One of the purposes of blogs is to provide multiple viewpoints and perspectives on key issues. In this post, I’m going to alert my readers that I’m going to be providing a counter-argument to prevailing thought. I’m also providing a response to another blog commentary.
President Obama will be signing the U.S. $787 billion “stimulus bill” today in Denver. The setting, the Denver Museum of Nature & Science, is meant to underscore the investments the new law will make in “green” energy-related jobs.
One item that made the final version of the bill, despite opposition, was a “Buy American” provision. Over on the blog Logistics Viewpoints, ARC analyst Adrain Gonzalez penned a post that reinforces the argument that a “Buy American” provision could indeed spark international trade wars. His argument is that before the economy tanked, some companies were already taking another look at the costs and benefits of having long, global supply chains. So why add more political fuel to the fires of global trade?
In normal times, I would tend to wholeheartedly agree with Adrian’s viewpoint, since I respect his views as a talented analyst. In fact, while I was traveling in Vancouver a few weeks back, I noted some of the initial reaction I had read and heard from the local media as well as my Canadian hosts.
But these are indeed extraordinary times. Yes, many U.S. companies now rely on global markets to sell their products. But let’s no forget that many of these companies were forced to gain access to these new markets through local partners or entities. Countries like China, India, or Russia were not about to have foreign companies access their local markets without some benefit to the host country. And why not!

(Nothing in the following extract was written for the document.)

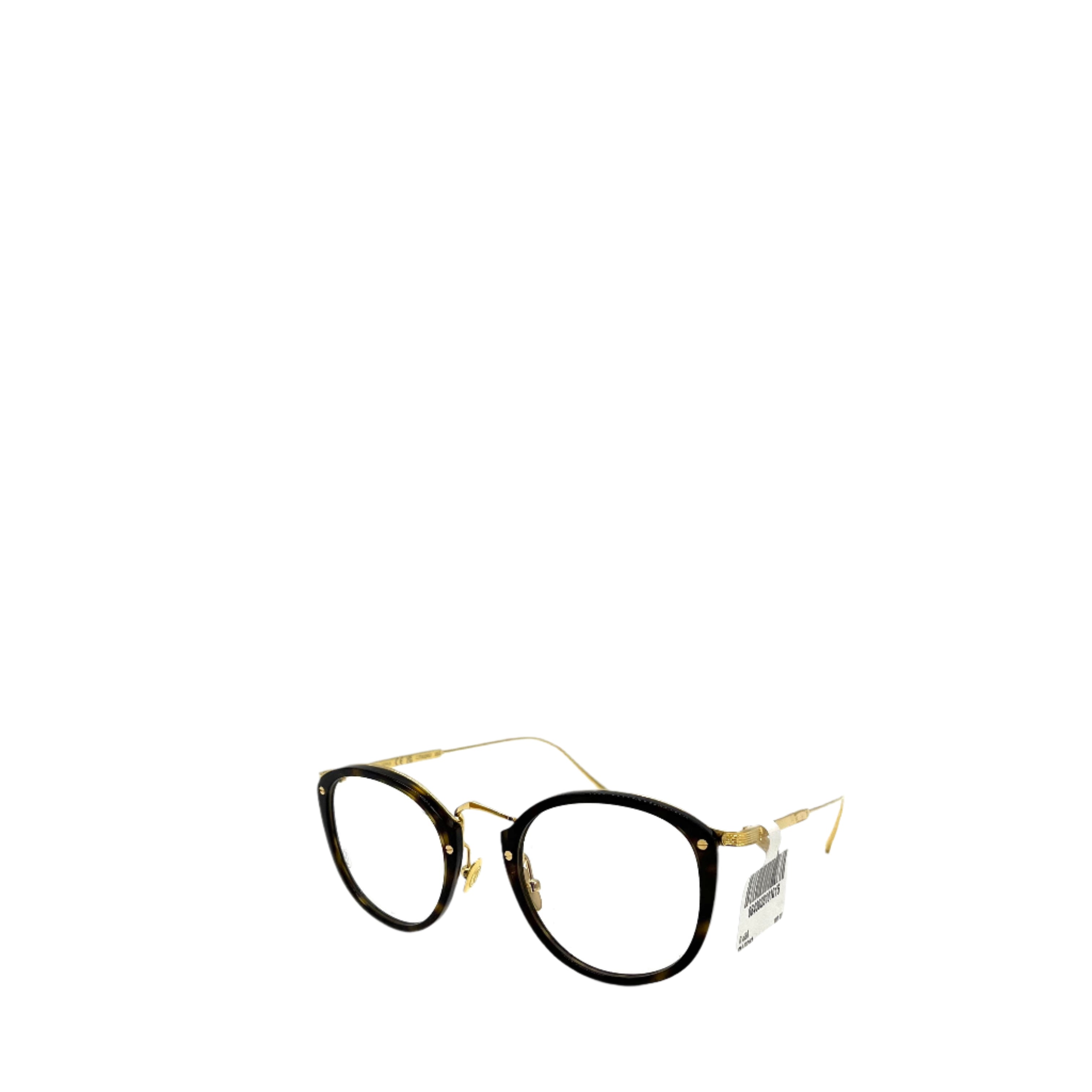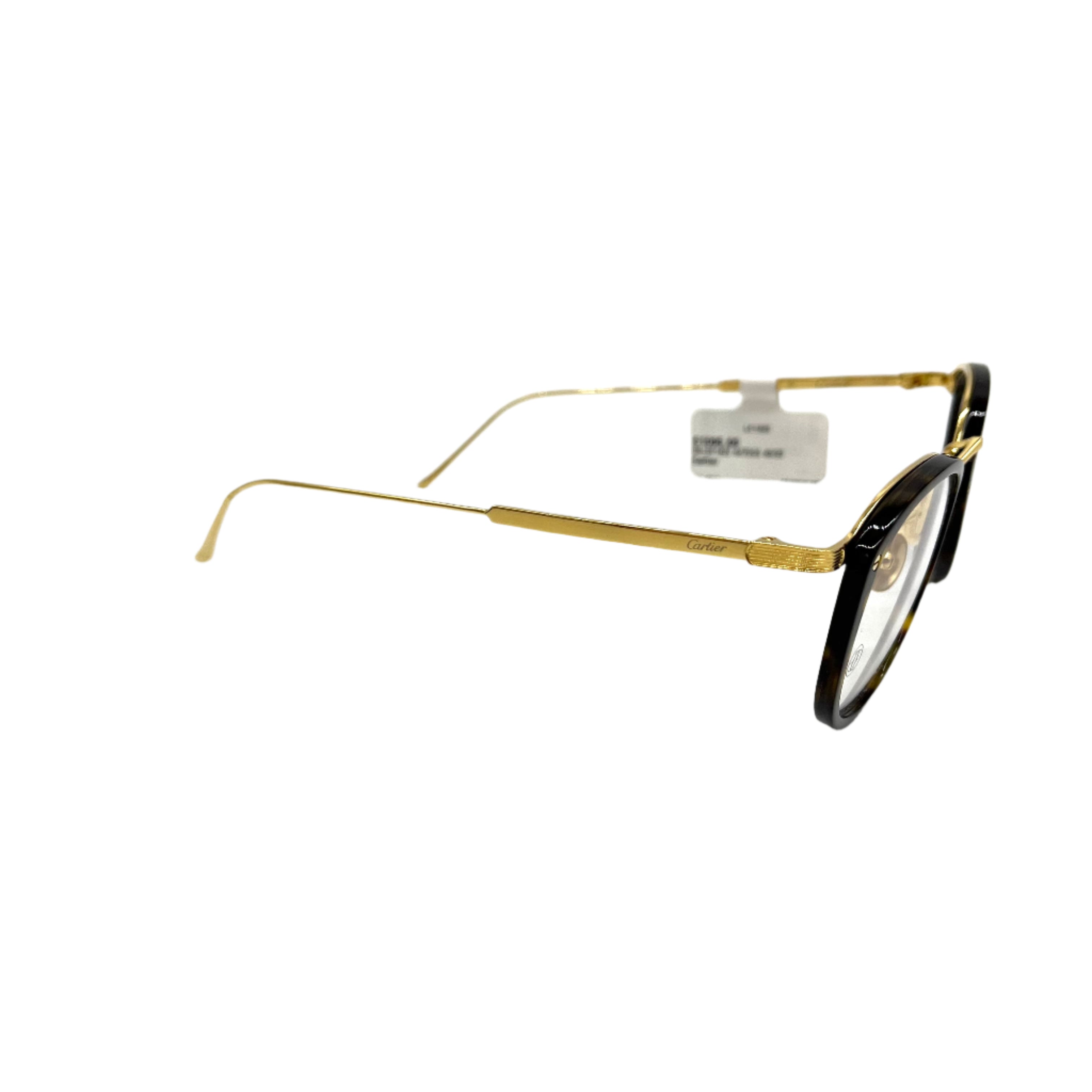 This is Authenticated CARTIER CT00200 (001) Gold Hardware Eyeglasses Frame. Lens shape is round and half inside of the rim is structured with gold hardware frame .Entire hardware finished with gold hardware to the temple tip. Face of the eyeglasses is black acetate material with temples are gold hardware metals with Cartier Signatures.

An area that should concern many Americans is the state of the infrastructure of key existing U.S. supply chains, allowing certain U.S. suppliers and trading partners to literally become non-competitive in our global world. You can observe this happening in automotive, high-tech, and other U.S. hosted supply chain environments.
There’s no denying that U.S. multi-national companies have outsourced product design, manufacturing, distribution and logistics for dual purposes, lowest costs, as well as access to these new markets. If the U.S. is going to be competitive in the so-called “green industries” of alternative energy and other emerging technology, it will have to exhibit world-class supply chain capabilities in all dimensions.
So, for now, I’m coming down on the side of “Buy American”. My argument is that the “stimulus” should foster not only job creation, but infrastructure capability. The U.S. has a vast market, and that market needs confidence. The global economy presents new emerging markets, but other countries in spite of their external rhetoric, protect their own companies and infrastructure. Its time for the U.S. to play this game, just like other countries. At least in this stimulus plan, let’s rebuild U.S. supply chain capability.
What’s your view? Should the U.S. be investing in its own capabilities and competiveness?